Я побежал следом, каменный пол трясся и вздрагивал. Когда мы пробежали весь длинный коридор и оказались возле поворота, за спинами раздался жуткий треск, хлопок. Массивные двери вылетели, словно пробка из бутылки. В коридор выкатились огромные глыбы и остановились, а в проеме ворот застряли глыбы побольше.

Мы торопливо повернули, и воздушный кулак ударился в стену, а нас только мягко толкнул в спины отраженной боковой струёй.

Шартреза тяжело дышала, лицо ее было смертельно бледным.

– Погоди, – произнесла она с усилием. – Чуть... отдышусь. Ты... хорошо все сделал.

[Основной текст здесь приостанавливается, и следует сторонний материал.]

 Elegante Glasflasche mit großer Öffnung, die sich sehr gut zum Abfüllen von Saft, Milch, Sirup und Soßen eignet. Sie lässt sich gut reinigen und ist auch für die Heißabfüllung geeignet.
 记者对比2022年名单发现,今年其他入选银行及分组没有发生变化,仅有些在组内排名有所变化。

– Как вы и велели, – ответил я.

Дыхание из меня тоже вырывалось горячее, словно я наглотался красного перца. Я поддержал королеву под локоть. Она бледно улыбнулась, но глаза оставались строгими.

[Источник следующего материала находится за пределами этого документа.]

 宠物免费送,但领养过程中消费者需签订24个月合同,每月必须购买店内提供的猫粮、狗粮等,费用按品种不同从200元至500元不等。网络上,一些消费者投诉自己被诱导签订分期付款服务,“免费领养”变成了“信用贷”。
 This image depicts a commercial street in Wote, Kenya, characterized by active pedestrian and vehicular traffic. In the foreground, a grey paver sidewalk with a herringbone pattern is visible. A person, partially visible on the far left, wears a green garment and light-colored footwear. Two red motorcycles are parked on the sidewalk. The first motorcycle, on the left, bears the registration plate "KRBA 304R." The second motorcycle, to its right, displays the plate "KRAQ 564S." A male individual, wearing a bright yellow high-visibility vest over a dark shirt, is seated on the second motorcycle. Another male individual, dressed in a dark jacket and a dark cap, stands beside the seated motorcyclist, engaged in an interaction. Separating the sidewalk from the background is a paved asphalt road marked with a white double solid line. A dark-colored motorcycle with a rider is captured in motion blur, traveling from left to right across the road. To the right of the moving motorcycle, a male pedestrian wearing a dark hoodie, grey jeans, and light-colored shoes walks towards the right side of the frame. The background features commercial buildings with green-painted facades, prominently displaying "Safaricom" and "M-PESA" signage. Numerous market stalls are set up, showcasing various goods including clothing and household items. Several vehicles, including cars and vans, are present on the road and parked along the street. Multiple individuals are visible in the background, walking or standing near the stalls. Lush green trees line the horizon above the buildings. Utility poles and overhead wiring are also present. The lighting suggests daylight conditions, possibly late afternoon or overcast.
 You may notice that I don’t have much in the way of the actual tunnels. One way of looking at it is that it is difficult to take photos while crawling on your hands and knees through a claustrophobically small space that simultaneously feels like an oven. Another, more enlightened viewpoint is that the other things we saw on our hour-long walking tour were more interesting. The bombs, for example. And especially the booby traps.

– Никому, – предупредила она.

– Но король...

– У него и так хватает забот, – сказала она твердо. – Для него будет слишком большим ударом, что его хотели сместить даже такие люди, как лорд Ундинг, барон Щарг де Горт и конт Мендель. Он считал их личными друзьями... Мерзавцы!

Я спросил:

– А король не удивится, что такой обвал... хотя, конечно, сейчас не до обвалов. И не до исчезновений. Вы правы, ваше величество. Вы проделали все с великой отвагой.

Она отмахнулась.

– С великой скорбью, ибо я христианка. Мне до последней минуты не хотелось, чтобы так получилось. Я со всеми переговорила... и увидела, что их души закрыты для слова истины. А бароны так и вовсе действовали, как слуги дьявола...

– Соблазнами?

Она устало кивнула:

– Мерзавцы!.. Что они мне предлагали, скоты! Всего лишь быть королевой. Ничтожества. В то время как я сейчас – царица всего мира, ибо меня любит такой замечательный человек, как наш король... И я никогда-никогда... Впрочем, ты еще молод, сэр Дик. Тебе этого пока не понять.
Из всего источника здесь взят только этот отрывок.